Exercise brief:
For the material below, output exactly the span from the line with "The Status and" to the line with "TVETE ミニローラー 2インチ", including both, and nothing besides.

━━ Records

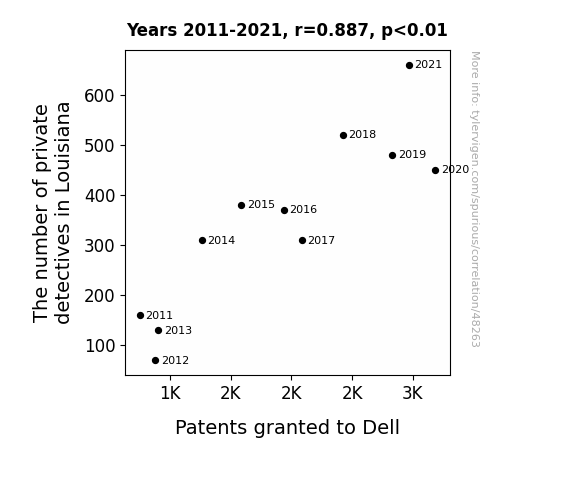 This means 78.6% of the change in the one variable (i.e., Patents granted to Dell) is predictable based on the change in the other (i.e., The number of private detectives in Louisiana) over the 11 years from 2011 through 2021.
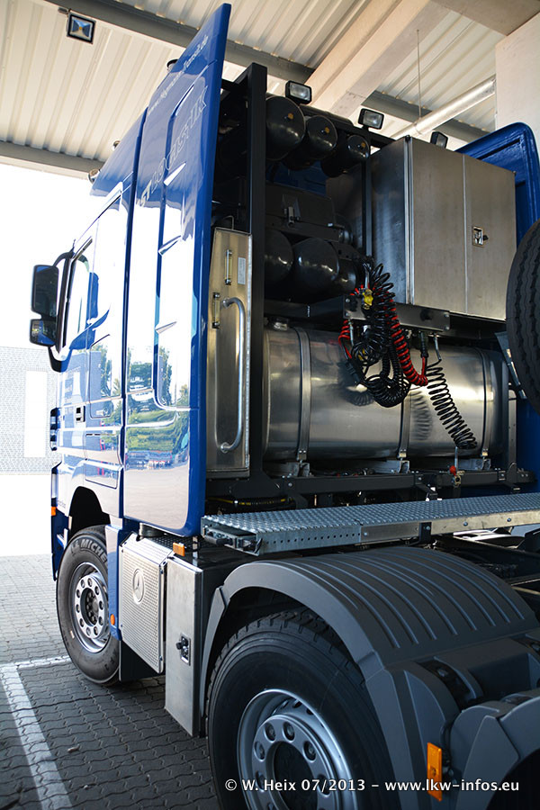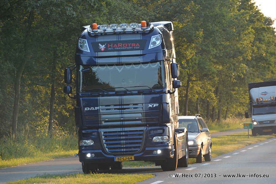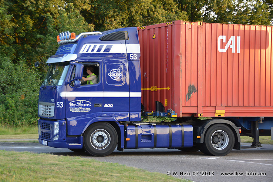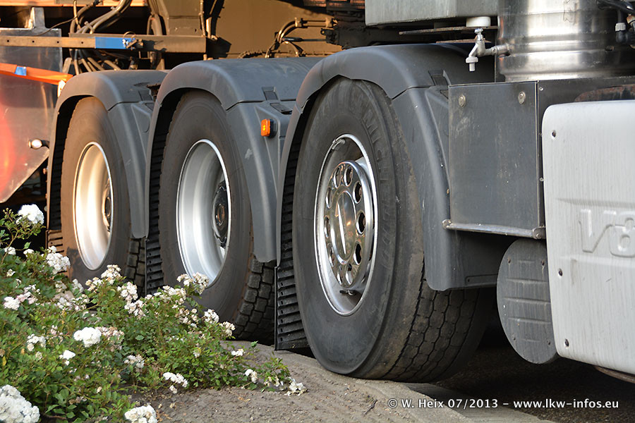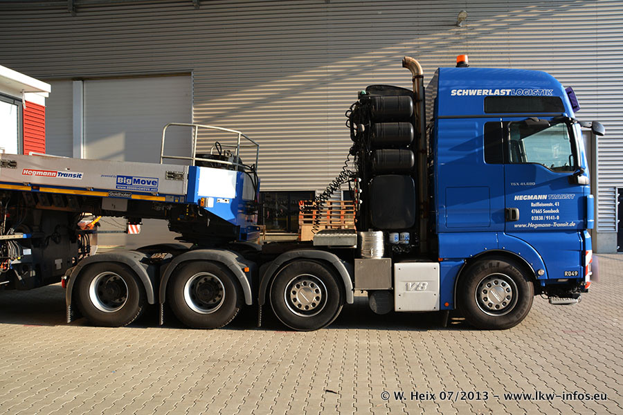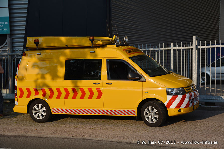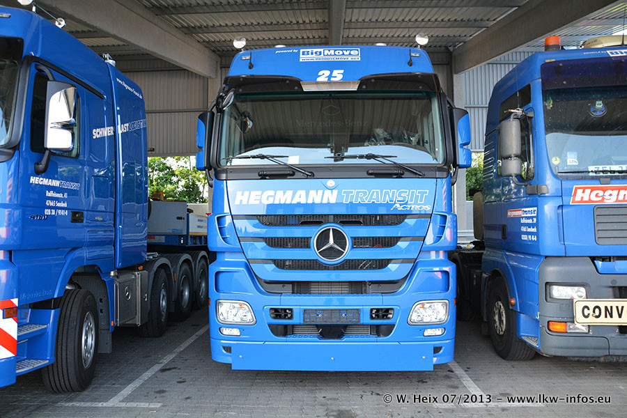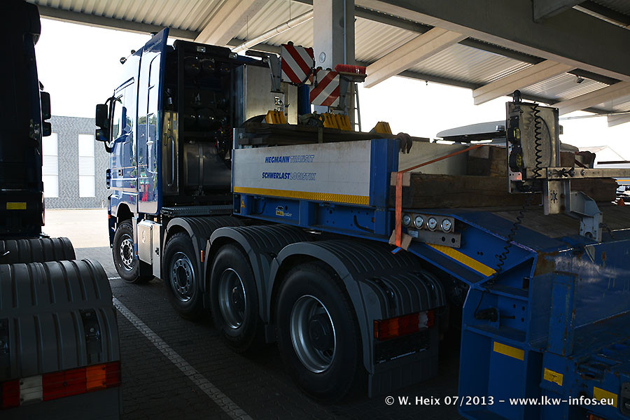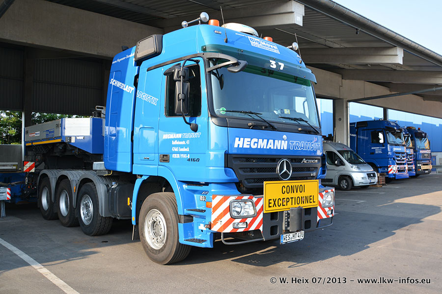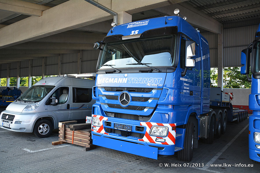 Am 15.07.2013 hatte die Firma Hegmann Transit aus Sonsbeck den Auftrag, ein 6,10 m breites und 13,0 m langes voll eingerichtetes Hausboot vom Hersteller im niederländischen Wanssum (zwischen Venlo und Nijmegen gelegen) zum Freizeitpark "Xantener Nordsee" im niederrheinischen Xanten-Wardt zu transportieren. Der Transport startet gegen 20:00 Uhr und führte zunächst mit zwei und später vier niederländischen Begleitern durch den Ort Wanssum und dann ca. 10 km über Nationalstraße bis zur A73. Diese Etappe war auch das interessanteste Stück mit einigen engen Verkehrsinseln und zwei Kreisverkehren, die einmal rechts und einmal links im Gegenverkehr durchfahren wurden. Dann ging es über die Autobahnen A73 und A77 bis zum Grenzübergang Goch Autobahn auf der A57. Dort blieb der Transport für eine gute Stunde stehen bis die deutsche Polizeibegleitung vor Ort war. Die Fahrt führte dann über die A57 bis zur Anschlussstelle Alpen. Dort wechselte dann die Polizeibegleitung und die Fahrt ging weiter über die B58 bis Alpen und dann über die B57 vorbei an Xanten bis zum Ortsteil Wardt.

━━━━
━━ Records

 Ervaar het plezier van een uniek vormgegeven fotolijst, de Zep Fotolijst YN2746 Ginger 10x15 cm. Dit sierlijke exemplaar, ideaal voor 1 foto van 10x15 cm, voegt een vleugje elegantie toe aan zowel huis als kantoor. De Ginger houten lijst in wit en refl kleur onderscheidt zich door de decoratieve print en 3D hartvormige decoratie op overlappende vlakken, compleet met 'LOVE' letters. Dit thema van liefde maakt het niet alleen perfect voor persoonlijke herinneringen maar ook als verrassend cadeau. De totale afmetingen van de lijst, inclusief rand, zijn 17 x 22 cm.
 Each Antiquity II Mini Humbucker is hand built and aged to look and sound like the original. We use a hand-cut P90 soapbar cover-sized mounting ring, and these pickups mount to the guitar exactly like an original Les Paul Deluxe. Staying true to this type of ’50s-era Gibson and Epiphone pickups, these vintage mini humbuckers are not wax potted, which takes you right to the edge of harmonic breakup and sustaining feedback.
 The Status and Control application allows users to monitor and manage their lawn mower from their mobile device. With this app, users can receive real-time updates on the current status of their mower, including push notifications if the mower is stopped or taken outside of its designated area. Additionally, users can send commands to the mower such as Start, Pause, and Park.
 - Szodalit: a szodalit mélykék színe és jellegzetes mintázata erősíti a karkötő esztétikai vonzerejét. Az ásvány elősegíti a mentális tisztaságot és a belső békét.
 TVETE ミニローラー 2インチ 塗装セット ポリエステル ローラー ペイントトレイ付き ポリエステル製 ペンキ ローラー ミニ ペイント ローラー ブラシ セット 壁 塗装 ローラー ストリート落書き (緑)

━━━━

Result of the task:
 The Status and Control application allows users to monitor and manage their lawn mower from their mobile device. With this app, users can receive real-time updates on the current status of their mower, including push notifications if the mower is stopped or taken outside of its designated area. Additionally, users can send commands to the mower such as Start, Pause, and Park.
 - Szodalit: a szodalit mélykék színe és jellegzetes mintázata erősíti a karkötő esztétikai vonzerejét. Az ásvány elősegíti a mentális tisztaságot és a belső békét.
 TVETE ミニローラー 2インチ 塗装セット ポリエステル ローラー ペイントトレイ付き ポリエステル製 ペンキ ローラー ミニ ペイント ローラー ブラシ セット 壁 塗装 ローラー ストリート落書き (緑)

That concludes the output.